## RECORDED DATA
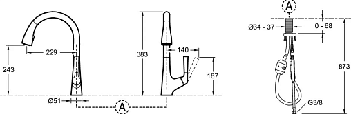 Мультифункциональный излив Режим распыления, дождя и функция «стоп»
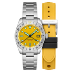 • Wijzerplaat: Geel met aangebrachte indexen en Swiss Super Luminova
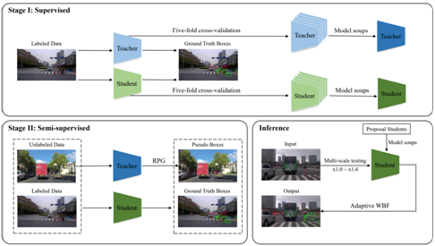 亚军方案:队伍提出一种两阶段自训练教师-学生框架,使用一个两阶段检测器作为教师模型为单阶段检测器的学生模型提供多样性的伪监督信号。在第一阶段,通过集成学习与模型融合Model Soups构建了鲁棒的教师、学生模型。在第二阶段,教师模型通过可靠的伪标签生成策略为学生模型提供高质量的伪监督信号。在推理阶段,队伍设计一种有效的后处理流程,由多尺度测试、Model Soups以及自适应加权框融合构成。队伍突破了基于自训练的半监督学习范式的关键技术,实现了自动驾驶技术中道路目标对象检测精度的显著提升。
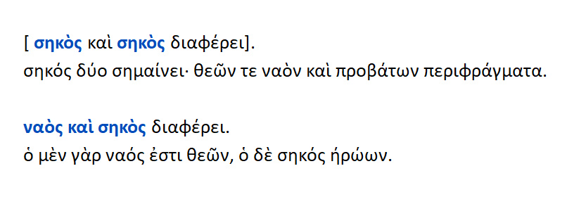 Σηκός = ναός θεών και περιφράγματα προβάτων. Ναός εστί θεών , σηκός ηρώων.{ =ο ναός είναι για τους θεούς και ο σηκός για τους ήρωες }

## REQUIRED ACTION
Write out, word for word, the lines running from the one containing "Swiss Super Luminova" to the end of the data above; the pictures are to be left out.

## YOUR RESPONSE
 • Wijzerplaat: Geel met aangebrachte indexen en Swiss Super Luminova
 亚军方案:队伍提出一种两阶段自训练教师-学生框架,使用一个两阶段检测器作为教师模型为单阶段检测器的学生模型提供多样性的伪监督信号。在第一阶段,通过集成学习与模型融合Model Soups构建了鲁棒的教师、学生模型。在第二阶段,教师模型通过可靠的伪标签生成策略为学生模型提供高质量的伪监督信号。在推理阶段,队伍设计一种有效的后处理流程,由多尺度测试、Model Soups以及自适应加权框融合构成。队伍突破了基于自训练的半监督学习范式的关键技术,实现了自动驾驶技术中道路目标对象检测精度的显著提升。
 Σηκός = ναός θεών και περιφράγματα προβάτων. Ναός εστί θεών , σηκός ηρώων.{ =ο ναός είναι για τους θεούς και ο σηκός για τους ήρωες }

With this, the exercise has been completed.